Ya que los adultos le fallaron una y otra vez, ¿Por qué no aceptar la ayuda ofrecida por otro chico que, al menos, los acompañaría en su desgracia?

Para 2005, la familia de los hermanos Haitani, creció bajo el cuidado de Izana.


14 de enero en 1997; Sapporo

Kakuchō era, sobre todo, un chico simple, de 6 años, y resolvía todo con simpleza y evitaba los pensamientos complejos. Vivió varios años en la calle y, como los chicos que lo acogieron lo encontraron en la callejón de Kabukichō donde asesinaron a una prostituta, decidieron llamarlo de la misma forma, y más tarde lo modificó a “Kakuchō”, le dio a su nombre un toque personal porque odiaba asociarlo con un crimen tan horrible. 

Sabía poco de sí mismo. Solo que fue encontrado por un grupo de adolescentes con los que ya andaba en la calle cuando apenas tenía 2 años, y ya desde esa edad era consciente de que vivía en la calle.

Esa es su historia. Punto. Simple. No hay más.

Como se crió sin tener nada, no extrañaba nada y no lamentaba ninguna pérdida ni la ausencia de un padre o una madre, después de todo, ninguno de los adolescentes a su alrededor tenían padres. Su única presión era evitar a la policía o a los asistentes sociales que podrían llevarlo a un orfanato donde era bien sabido que le hacían "cosas malas" a los niños, aunque los chicos mayores nunca entraron en detalles. Por lo demás tenía la vida resuelta. Sobrevivir en la calle para él no era problema, resultaba simple, fácil cuando creciste ahí. Lo único que a veces lamentaba era no tener un nombre, él simplemente era Kakuchō y estaba bien, le encantaba ser quien era, era popular, querido y defendido por los más grandes. Ser Kakuchō también significaba tener mundo, ser el negociador, conseguía todo, el que se las ingeniaba con simpleza y de manera que ningún otro podía pensar, pero claro, no tenía nombre.

Todos tenían uno, aunque no lo usaban. Ruru se llamaba Haruka, Vajda se llamaba Shion, pero no le gustaba y prefería su apodo, estaba Kira que se llamaba Enji, estaba Dumpling que se llamaba Midori. Todos tenían un nombre, menos él.

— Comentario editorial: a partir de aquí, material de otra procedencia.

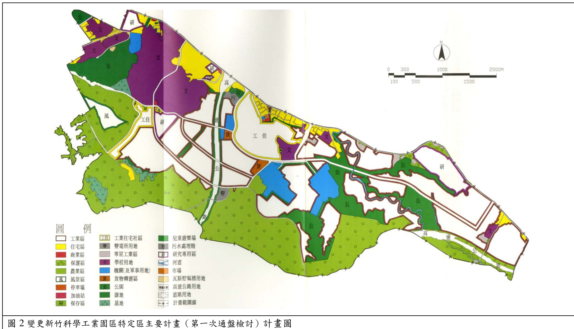
圖 2 變更新竹科學工業園區特定區主要計畫（第一次通盤檢討）計畫圖
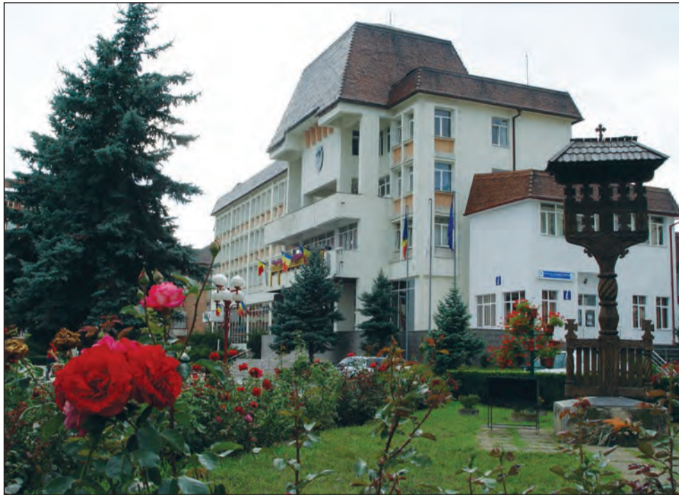
Administrația locală și-a propus să facă din Mediaș un oraș al florilor

Maternitatea verde de pe strada C. Brâncoveanu produce circa 40.000 de răsaduri anual, în două tranșe, odată primăvara și odată toamna, iar toate florile din seră și solare sunt destinate a înfrumuseța zonele verzi. „Este o muncă migăloasă, care cere multă dăru-
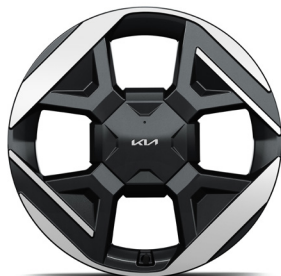
19" könnyűfém keréktárcsa (XM) Earth Plus opció
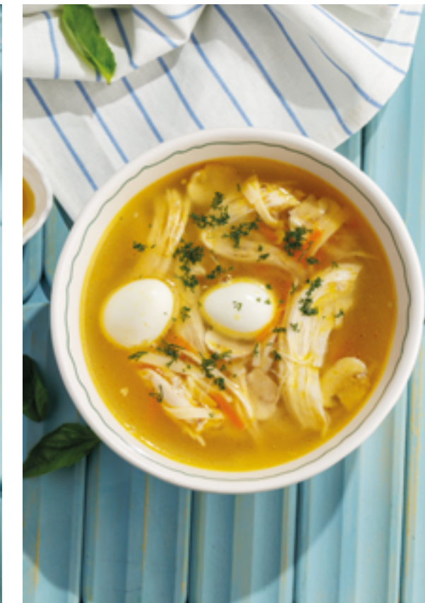
СУП С ЦЫПЛЕНКОМ И ГРИБАМИ, 590₽ Chicken soup with mushrooms
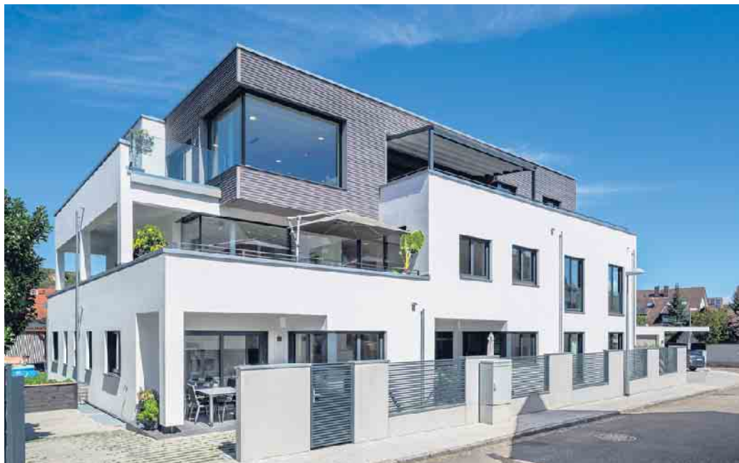
Mehrgenerationenhäuser in Holz-Fertigbauweise sind im Kommen.

Das Mehrgenerationenwohnen unter einem Dach kehrt zurück: Nach Jahrzehnten mit immer mehr Singlewohnungen, zunehmender Urbanisierung und Individualisierung planen wieder mehr private Bauherren ein Eigenheim am Stadtrand oder im Grünen als
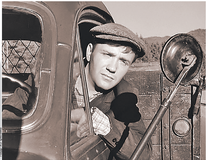
Роль шофера Паши Колокольникова актер называл любимой и лучшей («Живет такой парень», 1964, режиссер - Василий Шукшин).
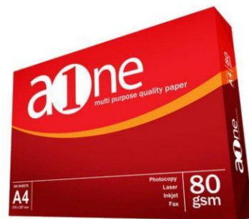
RIM ZA a1ne
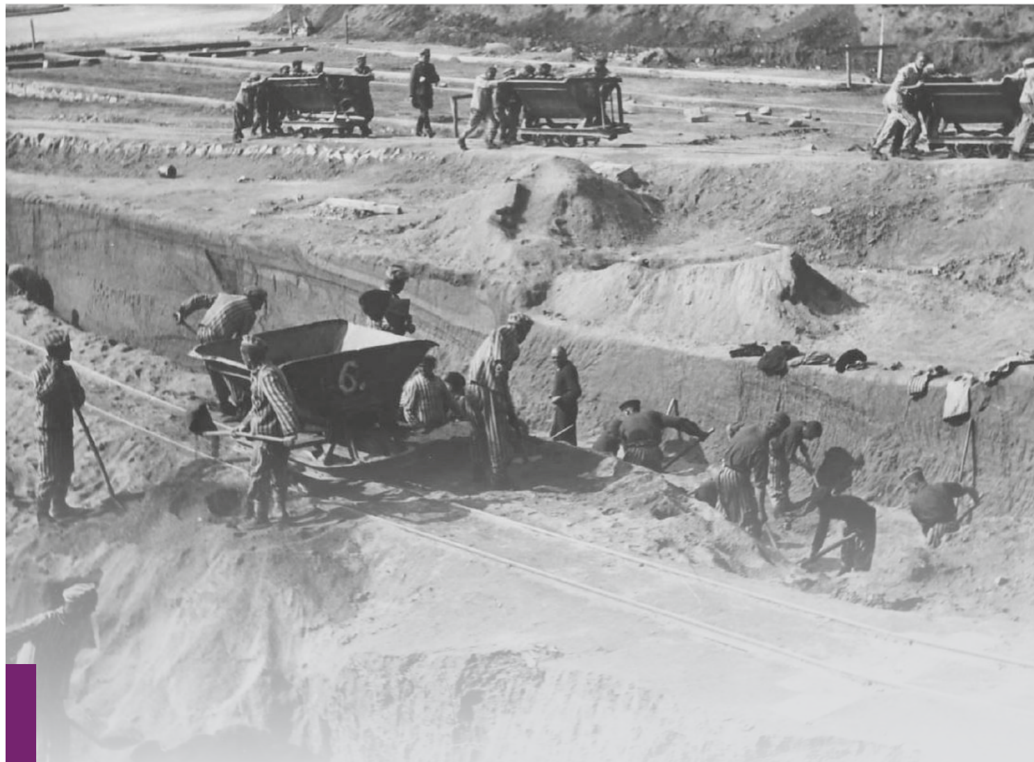
Więźniowie obozów koncentracyjnych Mauthausen podczas robót ziemnych, 1942

Un día pasó lo más temido: estaba durmiendo en el interior de una galería cuando cayó la policía con un asistente social y lo llevaron a un juzgado, desde allí fue transferido a un instituto de menores y del instituto de menores a un orfanato, y de ahí lo hubieran trasladado a otro instituto si no hubiera usado su inteligencia. Planeaba escapar del nuevo orfanato al que lo enviaban y estaba escalando el muro para saltar cuando una voz lo detuvo en seco. 

Kakuchō recuerda con claridad aquel día de nieve de sus tiernos 8 años, donde conoció a Izana Kurokawa de 12, resultaría imposible olvidar aquellos ojos púrpuras y la sonrisa ladina en sus labios. 

—¿Por qué estás escapando?

—Odio este lugar.

—Um —Izana desde aquella posición le extendió la mano —¿Alguna vez escuchaste un piano?

En la calle no hay cosas como un piano y fue debido a su curiosidad que aceptó la mano extendida, aunque si se lo preguntaran dentro de 10 o 20 años, hubiera buscado cualquier razón para poder aceptar la mano de Izana. Se bajó del muro y juntos fueron hasta un pequeño cuarto donde había instrumentos que la supervisora no les dejaba tocar, su primer contacto con un piano fue mágico en muchos sentidos, pero nada se comparaba a los sentimientos que explotaron de su corazón cuando escuchó la angelical voz de Izana tarareando una canción improvisada.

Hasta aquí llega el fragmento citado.